Vettel claimed his seventh pole in 16 races and 43rd of his career by touring India’s Buddh International Circuit in 1-minute, 24.119-seconds – fastest lap recorded at the track in Greater Noida, where Vettel now has qualified P1 for all three Formula One events.
Mercedes teammates Nico Rosberg (1:24.871) and former world champion Lewis Hamilton (1:24.941) rounded out the podium in second and third, respectively. The top three drivers all elected to qualify and start the race on Pirelli’s soft compound tires rather than the medium compound rubber.

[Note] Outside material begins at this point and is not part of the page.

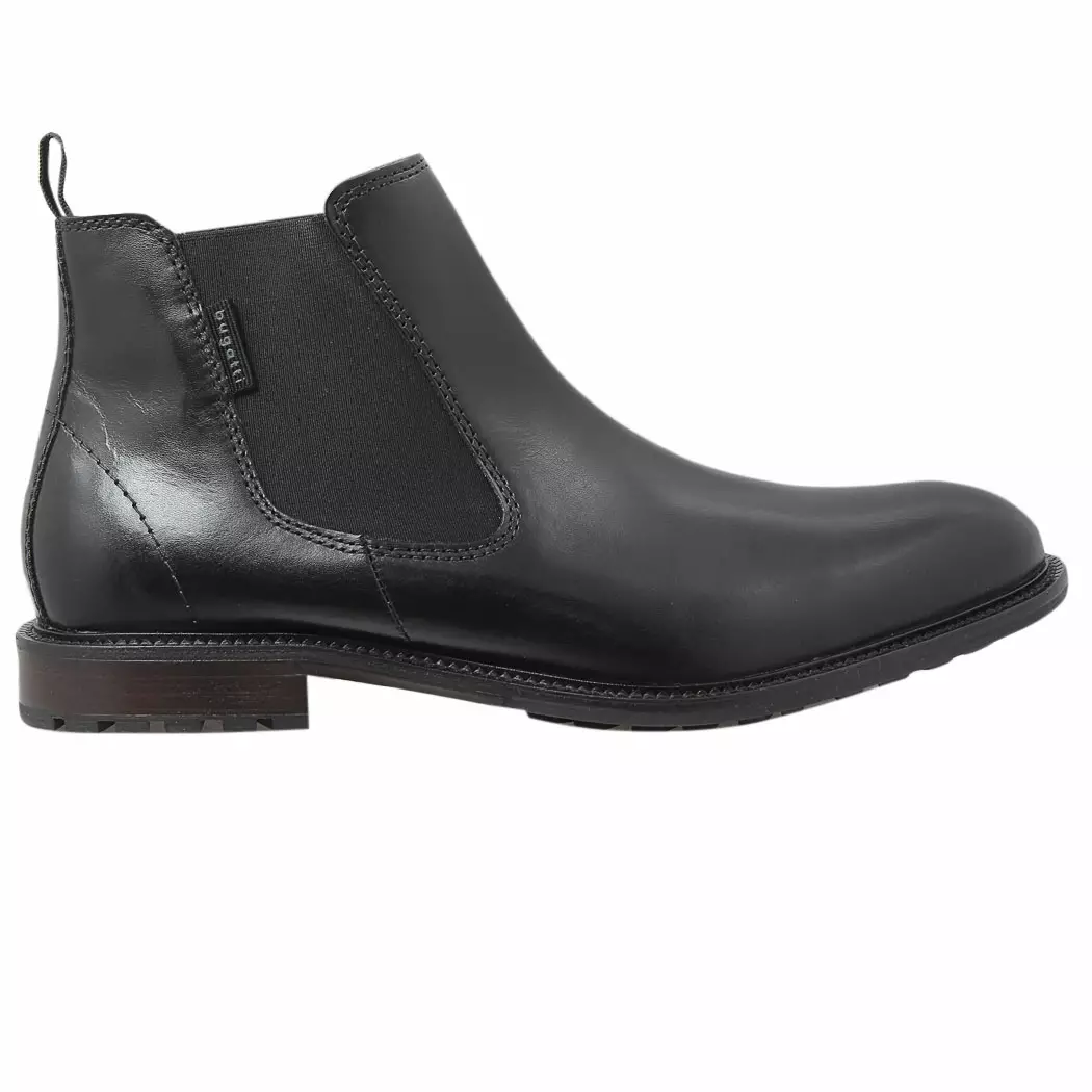 Steppari.fi:stä miesten nahkaiset nilkkurit ohuella tekstiilivuorella. Venykkeet molemmilla puolilla helpottavat jalkaan pukemista. Pehmustettu ja muotoiltu sisäpohjallinen.

Boosted by a career-best five-race winning streak, Vettel has forged a 90-point lead over two-time world champion Fernando Alonso of Scuderia Ferrari. The outspoken Spaniard will try to extend the championship to the second annual United States Grand Prix at Circuit of The Americas in Austin, Texas, Nov. 15-17. But a finish of fifth or better will crown Vettel as the fourth driver in F1 history to win four world championships and only the third to claim four in a row – a group that features Juan Manuel Fangio of Argentina and Michael Schumacher of Germany.
Vettel is an overwhelming favorite to continue an amazing streak that has seen him lead every lap en route to winning both previous Indian Grand Prixs.
“I’m trying not to think about it,” said Vettel, referring to the title-clinching scenario. “Obviously, it’s difficult when every second person in the paddock asks you the same question. But I think we’ve done pretty well in the past, focusing on every single step and I don’t see a reason why to change things for tomorrow or the next couple of races. So, yeah, we’re in a good position. I think we worked hard to be there and tomorrow is a long race with strategy I think it will be tricky to always do the right thing. But there’s a lot of laps so I think we have a quick package and should be in good shape.”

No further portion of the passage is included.